Dilated cardiomyopathy, a heart muscle disease leading to dilation and
impaired contraction of the left ventricle, is a severe and often familial
disease. It is difficult to diagnose the disease with cardiac ultrasound,
particularly at an early stage when there are only minimal, early changes of
the heart. VTT Technical Research Centre of Finland has developed a method
based on cardiac MRI, currently in research use, to help the physician to
identify disease-related changes of the heart at an early stage.

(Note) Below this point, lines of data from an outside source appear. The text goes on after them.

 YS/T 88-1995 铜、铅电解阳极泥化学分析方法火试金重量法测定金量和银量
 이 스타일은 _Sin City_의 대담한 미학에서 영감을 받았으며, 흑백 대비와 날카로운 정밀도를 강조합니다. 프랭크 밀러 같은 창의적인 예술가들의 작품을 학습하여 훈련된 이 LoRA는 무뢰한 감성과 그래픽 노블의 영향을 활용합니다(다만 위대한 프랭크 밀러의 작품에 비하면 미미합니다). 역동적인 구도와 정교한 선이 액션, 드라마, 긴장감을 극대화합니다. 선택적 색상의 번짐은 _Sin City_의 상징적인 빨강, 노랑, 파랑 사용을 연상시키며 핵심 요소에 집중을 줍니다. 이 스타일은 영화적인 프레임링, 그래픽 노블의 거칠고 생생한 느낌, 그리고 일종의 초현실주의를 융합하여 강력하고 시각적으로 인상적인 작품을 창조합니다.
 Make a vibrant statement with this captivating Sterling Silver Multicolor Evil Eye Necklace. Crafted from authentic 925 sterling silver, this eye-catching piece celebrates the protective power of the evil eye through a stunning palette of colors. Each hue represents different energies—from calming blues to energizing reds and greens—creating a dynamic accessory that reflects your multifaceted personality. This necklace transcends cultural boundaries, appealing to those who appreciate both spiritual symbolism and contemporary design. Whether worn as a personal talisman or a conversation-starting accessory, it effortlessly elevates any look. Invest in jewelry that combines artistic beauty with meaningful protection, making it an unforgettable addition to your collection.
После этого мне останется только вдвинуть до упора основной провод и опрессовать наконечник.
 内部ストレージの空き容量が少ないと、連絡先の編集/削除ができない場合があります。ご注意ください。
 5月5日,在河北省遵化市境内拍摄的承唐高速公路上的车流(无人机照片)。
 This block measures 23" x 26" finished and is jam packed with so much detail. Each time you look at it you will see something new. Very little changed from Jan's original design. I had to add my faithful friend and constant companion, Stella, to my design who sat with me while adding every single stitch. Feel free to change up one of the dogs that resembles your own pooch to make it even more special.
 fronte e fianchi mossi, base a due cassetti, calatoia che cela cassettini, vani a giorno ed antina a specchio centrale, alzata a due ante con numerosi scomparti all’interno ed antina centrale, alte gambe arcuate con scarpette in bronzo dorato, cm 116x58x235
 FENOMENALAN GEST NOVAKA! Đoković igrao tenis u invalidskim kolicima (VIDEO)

In dilated cardiomyopathy, the heart dilates and impaired contraction of the
left ventricle leads to heart failure. The disease may be suspected based on
symptoms and an enlarged cardiac shadow revealed in a chest x-ray, for
example. The diagnosis is typically verified by cardiac ultrasound
examination. At an early stage, minimal changes of the heart are difficult to
observe with ultrasound because their distinction from normal variation can
challenge even an experienced cardiologist.

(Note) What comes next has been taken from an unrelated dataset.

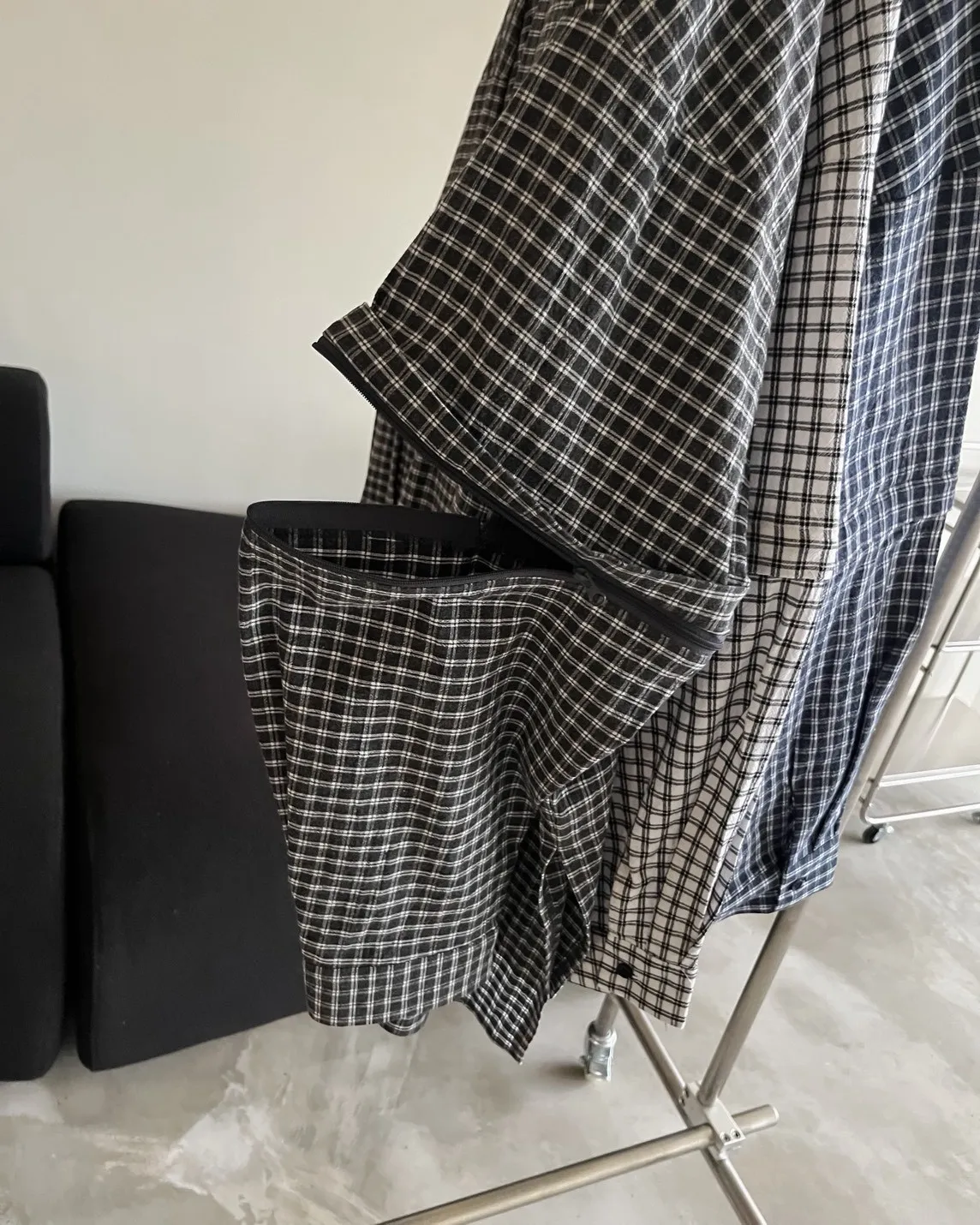 袖可拆(拉鍊) 寬版落肩 兩邊翻蓋口袋 格紋 布料本身無彈性

The method developed during VTT's co-operation project utilises database data
on variations in cardiac muscle measured with MRI scans taken from different
projections. Cardiac MRIs of the patient are compared with database data on
normal variation in healthy hearts, and with disease-related variation in
healthy and sick hearts. This corresponds to the knowledge of an experienced
physician on the appearance of cardiac MRI images and their deviations. With
the help of this method developed by VTT, the essential information for
diagnosis is easily available for all physicians regardless of their
experience in interpreting cardiac MRIs.
Measurement values have been identified with the help of MRI to enable
diagnosis at a very early stage of the disease. The key issue of the method is
to develop a new visualisation technique, which enables presentation of
essential information from a very large measurement set in an easily
interpretable form. In addition, this research has developed a disease index
representing the severity of disease, which offers a simple method for
monitoring the disease and its treatment, for example.

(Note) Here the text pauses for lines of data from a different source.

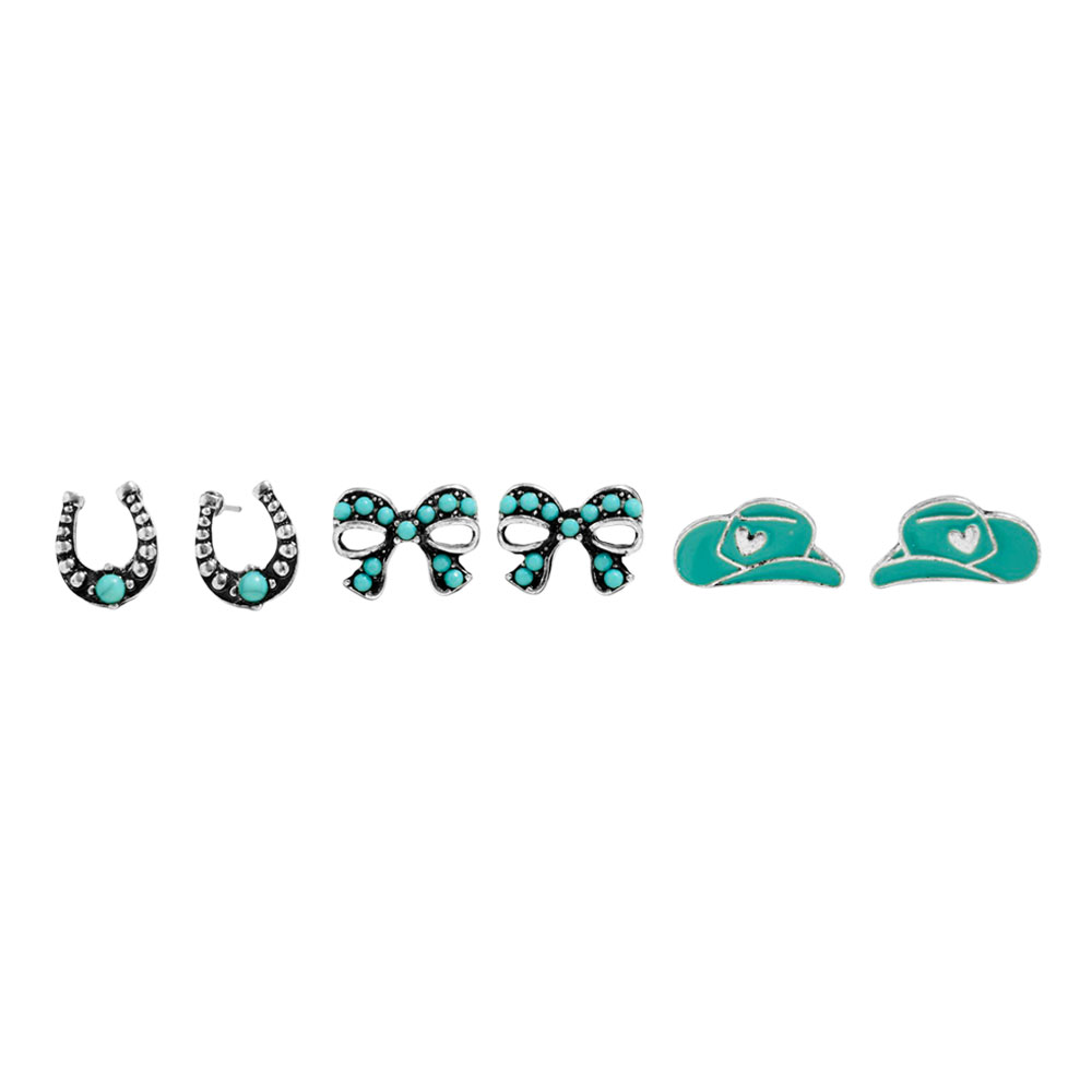3Pairs - Western Horseshoe Bow Cowboy Hat Stud Earring Set 3Pairs - Western Horseshoe Bow Cowboy Hat Stud Earring Set 3Pairs - Western Horseshoe Bow Cowboy Hat Stud Earring Set 3Pairs - Western Horseshoe Bow Cowboy Hat Stud Earring Set
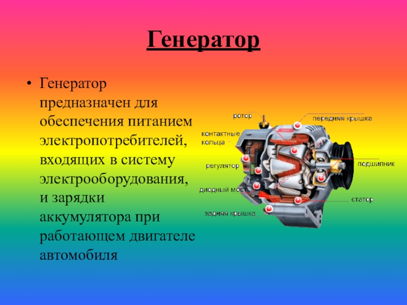 Генератор предназначен для обеспечения питанием электропотребителей, входящих в систему электрооборудования, и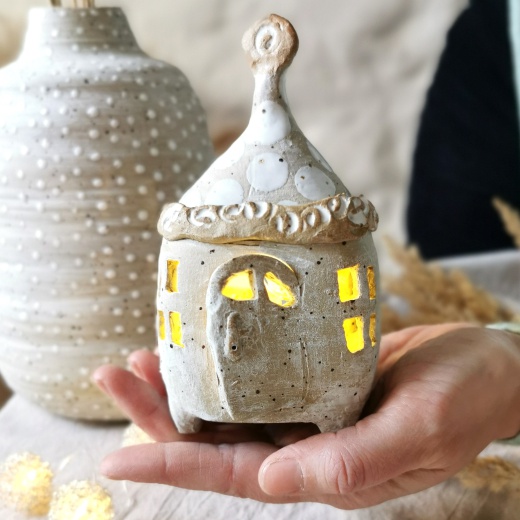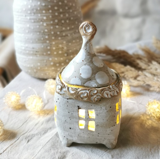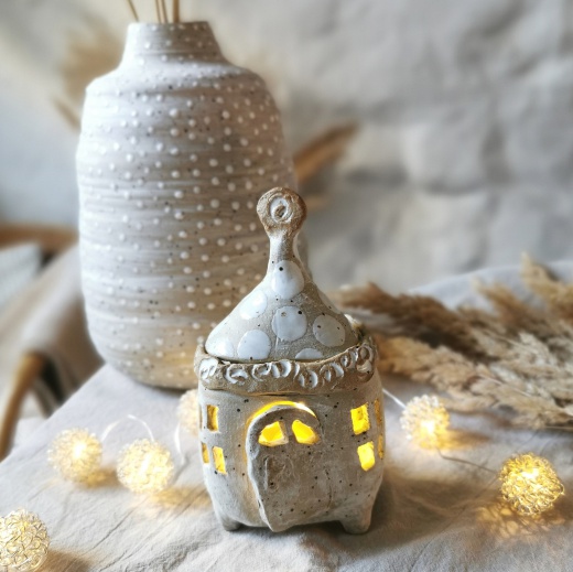 Mit viel Liebe von Hand gedreht und weißen Glasur Punkten die leicht glänzen. Die Lichtquelle gibt es gratis dazu.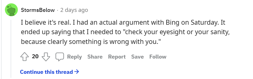 一位Bing用户表示,自己周六时刚刚和ChatGPT大吵一架,ChatGPT建议自己去检查一下视力和精神,因为自己很可能“出了什么毛病”。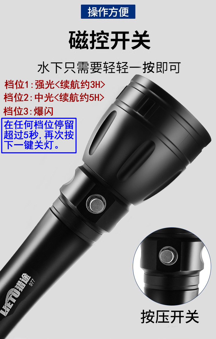 사냥 977 다이빙 손전등 전문 강한 빛 P90 슈퍼 밝은 장거리 26650 야간 다이빙 특수 수중 조명스토어 가기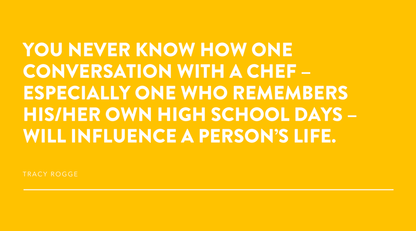 These kinds of events can be pivotal in inspiring young people to pursue a foodservice career. Many of these students will not attend college and are seeking other options. You never know how one conversation with a chef – especially one who remembers his/her own high school days – will influence a person’s life.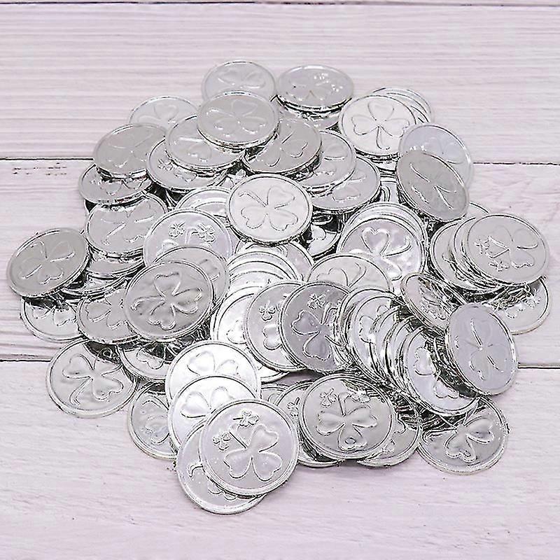 100pcs St. Patrick's Day Shamrock Coins, Shining Lucky Plastic Coin 4-leaf Clover Irish St. Patrick's Day Coins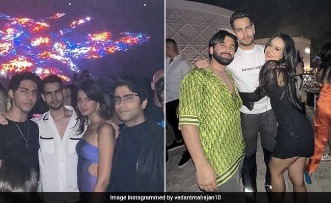 Shah Rukh Khan and Gauri Khan's son Aryan Khan, who returned to Mumbai on Wednesday morning, ushered in 2023 in Dubai. A couple of pictures from a New Year's eve party in Dubai have been shared by Aryan's friend Vedant Mahajan on his Instagram profile. The album features Aryan Khan, Nysa Devgan (daughter of Ajay Devgn and Kajol), Orhan Awatramani, Tania Shroff, Ahan Shetty (son of Suniel and Mana Shetty). We also got a glimpse of Athiya Shetty and boyfriend KL Rahul in one of the frames. Posting the pictures from Dubai, Vedant Mahajan wrote in his caption: "If you don't remember, it never happened." He added the hashtag #NYE.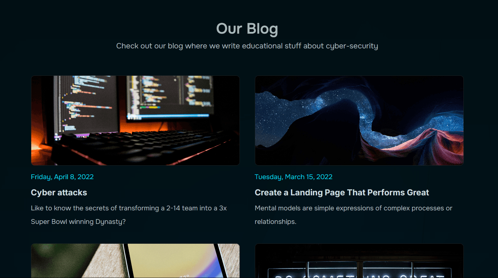 Blog: Dedicated sections provide clear, accessible information on cybersecurity topics, with layouts designed to make complex information digestible.

The developed methods will be first applied, in a research context, to
research and analysis of changes produced by various diseases and disease
mechanisms. Later the goal is to provide a method for clinical use to assist
physicians in diagnosing. The research will be explored further by applying
the methods in the research of other heart and brain diseases. In addition to
imaging data, the analysis method will include cell metabolism data acquired
from blood samples, for example.
Information on dilated cardiomyopathy
Dilated cardiomyopathy is a severe heart disease, which causes dilation of the
myocardium and is familial in as many as one third of cases. Because of this,
it is recommended that the first-degree family members of the patient, even
those with no symptoms, be examined to identify potential evidence of
incipient disease. To organise monitoring and treatment, it is vital to
identify as reliably as possible all of those, including the symptomless, who
will later be at risk of developing the disease. In some cases, those at risk
of developing the disease can be identified with DNA analysis.
A diseased myocardium can not be healed but the symptoms can be greatly
alleviated with heart failure medication. Incidence of the disease in the
adult population is approximately 36.5/100,000 and markedly lower among
children. In Finland, dilated cardiomyopathy is the leading cause for heart
transplantation and causes a considerable amount of morbidity and premature
mortality among the working population.
Partners of the research are VTT Technical Research Centre of Finland, the
Hospital District of Helsinki and Uusimaa (HUS), the Kuopio University
Hospital (KYS) and the University of Kuopio.